I've seen it at Sam's and Costco. Usually big tubs, 3 pounds.


----------



## adillenal (Feb 6, 2009)

My Sam's does not carry lard but I buy it at a local chain grocery store (HEB) in the 25 pound bucket for between $27-29.


----------



## NubianSoaps.com (Oct 26, 2007)

Lard is a hard butter. Crisco is a soft oil (it is only hydrogenated soybean oil in most markets). What you will find is you have a much better bar by adding hard butters to your recipe. Have you tried the walmart recipe?


----------



## Dorit (Apr 20, 2011)

I found lard cheapest at Columbus, even with shipping. I wind up paying $60 for 50#s. I tried to buy from food suppliers who sell to restaurants and its more expesive and now few restaurants use lard, they liquid oils. Thinking I could save on shipping, I bought 1K pounds and a drum of coconut oil, wellllll, the drum was a b....h to unload and I am starting to wonder if the lard will turn rancid before I use it all :/ Dorit


----------



## Greylady (Mar 28, 2012)

Won't lard keep if you keep it cool or maybe freeze part of it?


----------



## Island Creek Farm (Jun 16, 2010)

Yes, I've done the wal mart recipe a bunch of times, but I'm the one with the "personal chemistry" issue with one of the ingredients...wanted to try a super basic recipe with something other than the coconut (which I think is the culprit) , but still use goat milk. going to try a half batch w/o any scent or color and see what I think, then try scented


----------



## hsmomof4 (Oct 31, 2008)

Yeah, freeze the lard in smaller amounts, ideally, however much you need for a recipe in one bag, to make life simpler, and it will keep indefinitely.


----------



## Faye Farms (Sep 14, 2009)

Dorit, if you don't have enough freezer space I would just store it as SOAP. Make sure to use your really good, long lasting scents if you have to make a huge amount ahead of time. Cure and pack together same scents in boxes.
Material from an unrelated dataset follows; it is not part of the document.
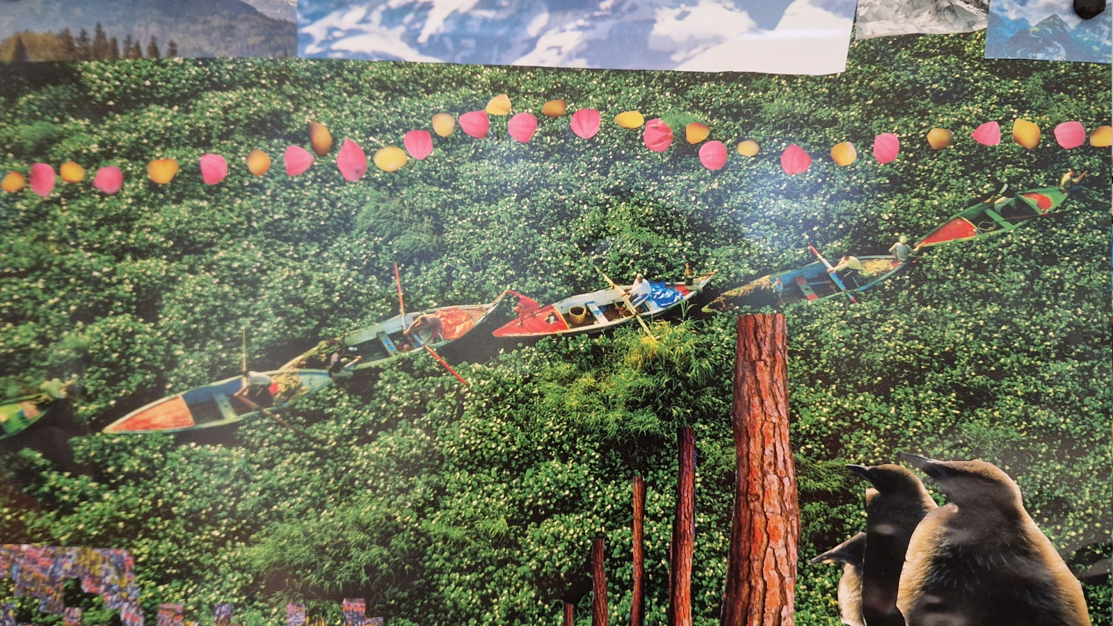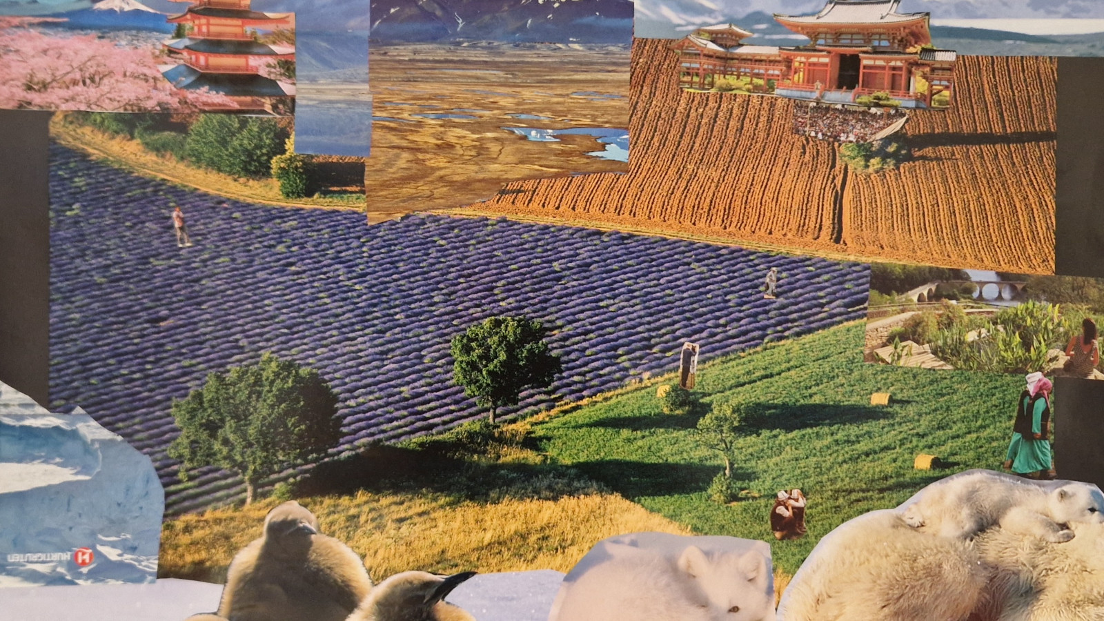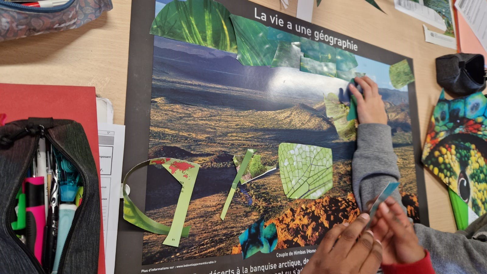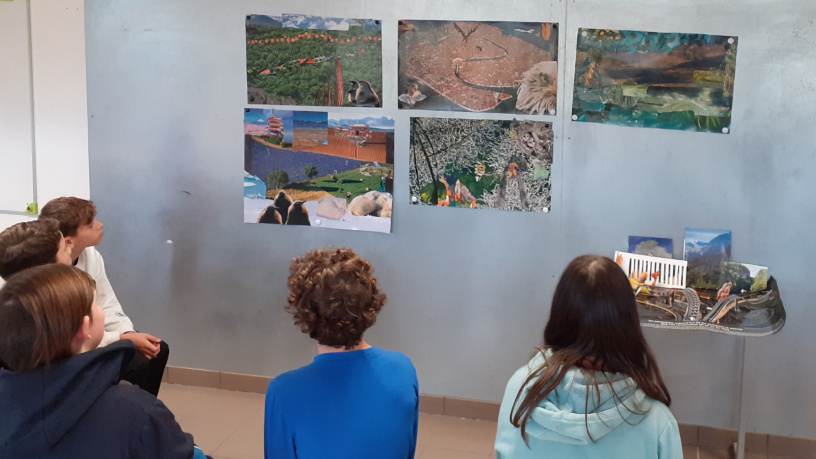 La documentaliste du collège a fait du tri dans sa réserve en début d’année scolaire : elle a retrouvé plusieurs affiches de grands formats de reproductions photographiques de paysages et d’animaux. Je les ai récupérées et ai construit une séquence dans laquelle ces affiches vont pouvoir devenir un support à la fabrication d’une image, mais aussi un matériau iconographique amenant les élèves à se poser des questions sur la composition, la couleur, la matière, la texture, l’échelle, le point de vue, la profondeur, le volume… la construction d’une image, la fabrication d’un nouveau paysage. Les reproductions de paysages sur les affiches étaient très différentes : le cadrage, le point de vue, la composition, les motifs… J’ai donc choisi de proposer des questionnements plastiques variés aux élèves de la classe permettant ainsi une diversité de réponses et une richesse lors des échanges oraux en classe entière. Ce choix pédagogique me permet aussi d’aborder plusieurs questions d’enseignements en lien avec l’image et de varier les objectifs apprentissages pour les élèves. Durant cette séquence les élèves s’interrogent sur comment composer une image cohérente à partir d’éléments iconographiques divers. Ils ont l’affiche initiale qu’ils peuvent utiliser comme support ou bien découper, mais aussi des représentations photographiques de paysages qu’ils ont collecté dans des magazines, des posters, des catalogues, en préparation de cette séquence. Ils sont donc amenés à rechercher une cohérence plastique dans la création d’un paysage : Comment organiser des fragments, des morceaux d’images divers et variés pour créer un paysage cohérent ? Comment, à partir de plusieurs images de paysages, donner du sens en découpant, en fragmentant, en associant, en juxtaposant, en superposant ?

They will stay good a long time.


----------



## Dorit (Apr 20, 2011)

Heather, that was my initial plan but started having second thoughts. Thanks for confirming my plan. Summers are so hot and sales are super slow so I planned on soaping and get ready for the hoped for 'buying frenzy' in the Fall. LOL. Dorit


----------



## NubianSoaps.com (Oct 26, 2007)

You should be thinking about Christmas sales, which are brisk! I sell more soap at Christmas than all other holidays combined. Vicki


----------



## Dorit (Apr 20, 2011)

I love Christmas :biggrin


----------



## Dorit (Apr 20, 2011)

How many Fall scents (apple, cinn, pumkin, etc) do you all add at one season? Do you do the same for pine, fir, frankenscence for Christmas? BTW I smelled Pumkin Spice at Tamara's house its great, Save on Scents. Dorit


----------



## 2Sticks (Dec 13, 2007)

The Pumpkin Spice wasn't from Save On Scents. It's one I had purchased previously from Soapsupplies.net.


----------